People already read about Glow can skip to section 4 for a more realistic use case.

Boring Word Count

In distributed computing, the equivilent of hello word is a word count:

package main

import (
    "strings"

    "github.com/chrislusf/glow/flow"
)

func main() {
    flow.New().TextFile(
        "/etc/passwd", 3,
    ).Filter(func(line string) bool {
        return !strings.HasPrefix(line, "#")
    }).Map(func(line string, ch chan string) {
        for _, token := range strings.Split(line, ":") {
            ch <- token
        }
    }).Map(func(key string) int {
        return 1
    }).Reduce(func(x int, y int) int {
        return x + y
    }).Map(func(x int) {
        println("count:", x)
    }).Run()
}

Here we load the “/etc/passwd” file and partitioned into 3 shards. Each shard is processed by 1 filter, 2 mappers, reduced to one count, and printed out via a mapper.

Let’s run this file:

$ go run t.go
count: 532

I hope you like the code here. It may not look as simple as other languages that are skipping data types. But when a project gets reasonably large, readability is a big deal. Glow’s anonymous functions have the right amount of type information, which helps to understand the code, especially when someone else wrote it.

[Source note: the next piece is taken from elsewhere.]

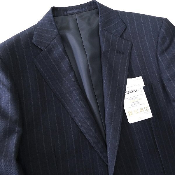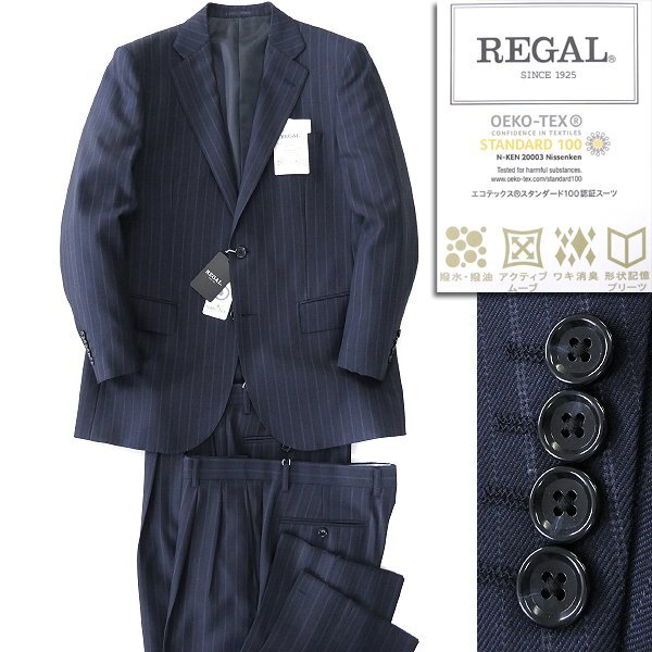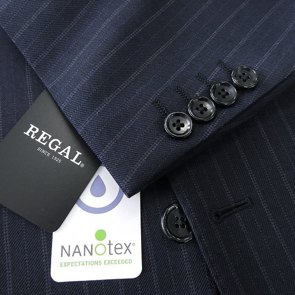 新品 リーガル NANOtex 撥水 撥油 ストライプ 2パンツ スーツ AB5(やや幅広M) 紺 【J58250】 REGAL 秋冬 メンズ セットアップ ウール

If you do not have much data now, you can actually stop here and run Glow in standalone mode. Glow’s API works for both standalone mode and distributed mode. I highly encourage you start using Glow in standalone mode. It should just work.

Go channels in Glow

Glow works natually with channels. The data flows from one dataset to the next dataset via channels, either in standalone mode or distributed mode.

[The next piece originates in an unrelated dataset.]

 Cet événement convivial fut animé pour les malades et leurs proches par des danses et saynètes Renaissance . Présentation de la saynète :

Another interesting usage of channel is that a channel can be a mapper’s result emitter. Usually 1 mapper emits 1 result, which can be represented as function’s return result, e.g., func(key string) int. But if a mapper can emit 0 or more than 1 result, this won’t work. The channel fits nicely here. If the last parameter of a mapper function is a channel, e.g., func(line string, ch chan string), it will be treated as the result emitter.

Setup Glow Cluster

Now let us setup the Glow cluster, just in case you need to scale up. Setting up Glow Cluster is super easy. First, build the “glow” binary file:

$ go get github.com/chrislusf/glow

The compiled binary file is usually $GOPATH/bin/glow. Now copy it to any computer, and run this:

// start a master on one computer
> glow master
// run one or more agents on computers
> glow agent --dir ./glow/data --max.executors=16 --memory=2048 --master="localhost:8930" --port 8931
// it's fine to run several agents on the same computer
> glow agent --dir ./glow/data2 --max.executors=8 --memory=512 --master="localhost:8930" --port 8932

Either master or agent only takes 5~6 MB memory. They are quiet and efficient. I highly recommend run this “glow agent” on any machine you can find, so that you can tap into the compute power any time you want, with one line of code change as follows.

Distributed Execution

Just insert this line to the import section, around line 7:

    _ "github.com/chrislusf/glow/driver"

Now the word count can run distributedly this way:

$ go run t.go -glow
2015/12/08 00:54:46 localhost:8930 allocated 1 executors.
2015/12/08 00:54:46 localhost:8930 allocated 1 executors.
2015/12/08 00:54:46 localhost:8930 allocated 2 executors.
2015/12/08 00:54:46 localhost:8930 allocated 1 executors.
127.0.0.1:8931>count: 532

Also, you can visualize the flow. Run this command:

$ go run t.go -glow -glow.flow.plot > x.dot
$ dot -Tpng -owc.png x.dot

And the flow graph looks like this:

Word Count Flow

Something wrong!

You may get a different result when running distributedly vs standalone! This is because I cheated!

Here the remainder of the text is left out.